Berries as red as Rudolph's nose glowing like holiday lights against layered branches of lustrous emerald foliage make Burford holly (Ilex cornuta "Burfordii) a year-end standout in gardens across U.S. Department of Agriculture plant hardiness zones 7 through 9. This medium-sized, easy-care tree thrives in full sun to part shade and well-drained soil. What you don't want to see, regardless of the season, is tiny white bugs dusting a Burford holly like winter's first snow.
Enemies in Armor
Flat, oval white bugs with single yellow or brown spots on the leaves of your Burford holly's lower branches are oleander scales. These pests construct predator-discouraging armor of their molted skins and attach to their 1/10-inch bodies. Like all scales, they drain sap from the plants through tissue-piercing, hollow mouthparts. You'll probably notice the yellow foliage falling from your holly as it becomes progressively weaker before you notice the oleander scales.
Cotton, Wax, Varnish and Soot
Two kinds of soft scale insects hidden beneath layers of waxy secretions infest Burford holly. Female cottony camellia scales lay eggs in 1/2-inch fluffy, white sacs. Their larvae, or crawlers, look like amber-colored moving specks. Bright-white wax scales cling to the plant like barnacles. Their dome-shaped covers measure up to 1/4 inch across.
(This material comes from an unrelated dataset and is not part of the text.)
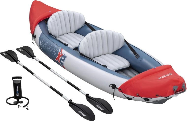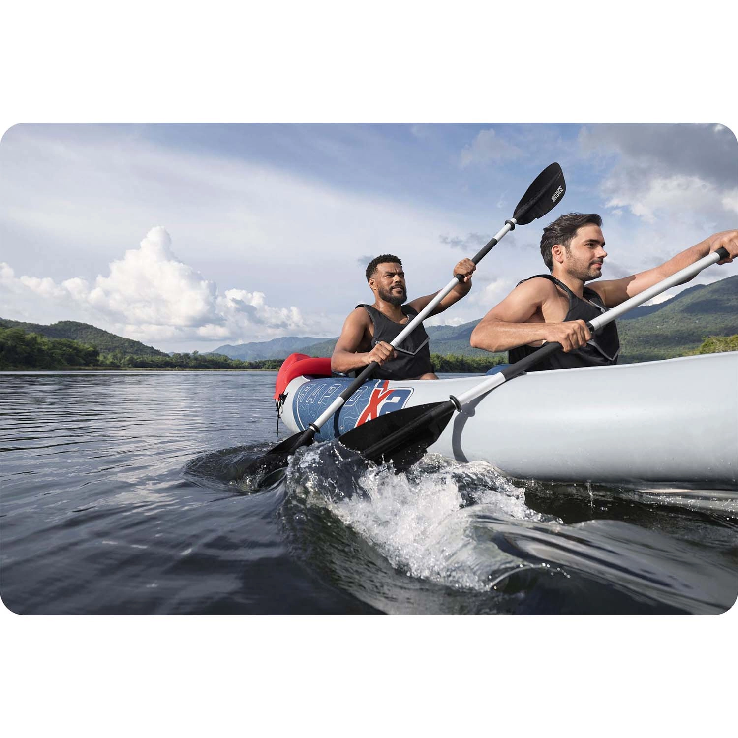 Partez à l’aventure sur l’eau avec le kayak gonflable HYDRO-FORCE Lite Rapid X2 pour deux personnes. Le matériau Inflata‑Shield™ résistant prévient les crevaisons, limite la dilatation et améliore l’adhérence. Le kayak offre un plancher gonflable rigide pour la stabilité, 2 sièges gonflables amovibles pour le confort, 2 pagaies en aluminium, 2 ailerons amovibles pour une meilleure tenue de cap, ainsi qu’une pompe manuelle Air Hammer™ et une rustine de réparation incluses.

Even without their distinctive appearance, soft scales reveal themselves with their sticky, transparent waste. Called honeydew, the carbohydrate-dense goo looks like varnish and attracts layers of greasy, black sooty mold fungi. Although rarely fatal, prolonged soft scale attacks cause stunted growth and general weakening.
Guardians of the Goo
Honeydew-producing scales have staunch allies in the local ant population. To protect their sugary food supply, ants go to war against the lady bugs, lacewings and parasitic wasps that normally control scale populations. To keep the ants at bay, prune back branches touching the ground or nearby structures and wrap your holly’s trunk with heavy paper covered in petroleum jelly; ants become trapped as they cross the paper. An ant-free holly may attract enough beneficial insects to manage its scale infestation for you. Otherwise, you'll need another approach.
Scaling Back the Problem
If the scales are limited to a few of your holly's lower branches, scrape them off with a soft toothbrush or prune and dispose of the affected leaves. To manage a chronic problem without long-term damage to beneficial insects, suffocate the unprotected crawlers with horticultural oil. They typically hatch in spring or early summer; wrap infested branches with double-sided transparent tape and check weekly for orange or yellow specks. When their numbers begin dropping, they've started attaching to the plant to feed. Spray with a solution of 7 1/2 tablespoons -- or the manufacturer's recommended amount -- of horticultural oil per 1 gallon of water. Wearing protective clothing, treat your well-watered holly when the temperature is below 90 degrees Fahrenheit. Spray until the solution drips from its leaves and branches, and let the oil dry before allowing children or pets near the tree.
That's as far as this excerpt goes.